However, the offshoot in Aberystwyth seems little more than an afterthought. It contains no explanatory or contextualising wall text – providing little in the way of an entry point for viewers unfamiliar with his work – though desperation may lead one to a few pamphlets (from the original Rivington Place exhibition, which included many works not on display here) dumped in a corner. The general visitor demographic seemed to be largely local families with toddlers, who used the two dry walls installed in the centre of the small space for games of hide and seek.
Curiously, though, the notion of 'hide and seek' – looking for the elusive, searching in the shadows – is an unexpectedly fitting strategy for engaging with, and framing, Mofokeng's photography. (And this is all the more true in an exhibition which appears based on a misplaced assumption of photography's self-evident indexicality). As has been pointed out (in writing both about and by Mofokeng), although part of the Afrapix collective in the 1980s, he was uncomfortable with the overt rhetoric of its documentary style, and the way in which the international media participated in a reductive imaging of black South African lived experience during apartheid. Police with Sjamboks (1989), a central image on the front wall of the Aberystwyth exhibition, recalls how Mofokeng came to understand the pressure of 'solidarity politics', and its intersection with international market forces: 'If I show a picture of a policeman it's a good picture. If I show pictures of two policeman it's even better... that is how I came to categorise the work I was doing at the time... If I show three policemen then that's front page...' A similar unease, as well as a measure of retrospective self-critique, has been articulated by other photographers such as Gideon Mendel and Guy Tillim. Mofokeng was one of the first to shift his photographic aesthetic to the poetics of the everyday, the fleeting, the insidious, and it is those images which make up the bulk of this exhibition.
The exhibition relies – perhaps lazily – on many of Mofokeng's most famous, and most reproduced, photographs; a kind of 'greatest hits' summary of decades of diverse work, without meaningful curatorial articulation of continuity and/or change (to be fair, this may be a necessary function of limited space). The large-scale Ishmael: Eyes Wide Shut (2004); The Buddhist Retreat (2003); and Sacral Animals (2003) line one wall, while other well-known images such as Winter in Thembisa (1989) and Democracy is Forever (2004) are randomly scattered at regular intervals. Jumbled as the arrangement initially seems (though some are clustered with others from the same series), closer investigation reveals unexpectedly lyrical relationships, such as the visual parallel between an image of RDP housing along the N7 (2002), and one of the similarly grid-like structures of the Women's Section, Auschwitz, taken in 1997.

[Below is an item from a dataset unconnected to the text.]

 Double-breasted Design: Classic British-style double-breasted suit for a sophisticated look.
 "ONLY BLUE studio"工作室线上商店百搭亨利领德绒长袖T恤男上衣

In Mofokeng's work, one is always drawn to seek below the surface, to follow signs of movement, and elusive traces of presence. In the frequent blurs of figures from his body of works on Zionist Apostolic rituals performed at the sacred site of the Motouleng Caves in the Freestate, Mofekeng captures the esoteric and the transformative, purposely negating the stark clarity of documentary style. Images from the 'Billboards' series include the reflections and refractions of the car windscreen through which Mofokeng shoots familiar urban scenes of highways, roadsigns and advertising injunctions. These acknowledge the mediating presence both of the photographer, and of the contemporary marketing strategies that constantly crowd our field of vision.

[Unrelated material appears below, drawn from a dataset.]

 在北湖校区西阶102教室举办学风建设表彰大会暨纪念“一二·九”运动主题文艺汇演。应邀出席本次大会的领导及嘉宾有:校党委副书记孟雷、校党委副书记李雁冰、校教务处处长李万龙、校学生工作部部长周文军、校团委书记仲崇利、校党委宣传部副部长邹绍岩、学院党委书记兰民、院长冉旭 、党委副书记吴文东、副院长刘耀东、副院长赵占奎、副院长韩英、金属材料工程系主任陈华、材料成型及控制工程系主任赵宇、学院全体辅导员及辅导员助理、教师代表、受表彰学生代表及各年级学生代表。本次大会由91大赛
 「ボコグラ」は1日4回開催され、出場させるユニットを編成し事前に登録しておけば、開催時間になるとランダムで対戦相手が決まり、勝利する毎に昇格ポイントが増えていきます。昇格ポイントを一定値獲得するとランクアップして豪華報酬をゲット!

One scattered narrative dispersed across the exhibition is the way in which human presence can be powerfully evoked through the elegiac lens of corporeal absence, for example in Limbless Doll, Jakkalsfontein, or Mirror and Jug, Alexandra (both 1989). Here, ciphers of life's necessary, if unremarkable, rituals – washing, playing, eating – become the stuff of poetry even as they speak to the continued realities of socio-economic inequality. Most haunting are works in which Mofokeng has photographed sites around the world that are invested with horrific memories, such as Auschwitz, Hanoi, and a desert intersection between Luderitz and Aus, Namibia. Mofokeng frames unsensational scenes: a lake surrounded by trees, train tracks crossing and receding into the distance, endless undulating dunes. Yet below and beyond each landscape (as is revealed in accompanying titles) lies real historical trauma, interred and displaced by what Jessica Dubow and Ruth Rosengarten have referred to as nature's 'tenacious capacity to outlive the past, to surpass rather than to recall those events and violences played out on its surface'.
From urban intersections to religious sites, intimate domestic tableaux to vast scenes of seemingly subterranean trauma, Mofokeng's photographs examine – and in many ways trigger – the persistence of individual and collective memory, as well as revealing the contested ownership and expression of that memory. Where and how it is variously inscribed, reinterpreted, veiled or enacted can be read in the shifting semiotics of landscape, if one is willing to take up the challenge to seek out what is hidden, what lies just beyond the line of sight. Unfortunately, it doesn't seem that many of the subtleties of Mofokeng's work are being communicated to the general public – which, after all, is Autograph ABP's aim – in this haphazard exhibition. Instead it reads as a combination of compelling, but decontextualised leftovers selected from a larger, more curatorially coherent show which was clearly better suited to dealing with the scope of Mofokeng's complex career.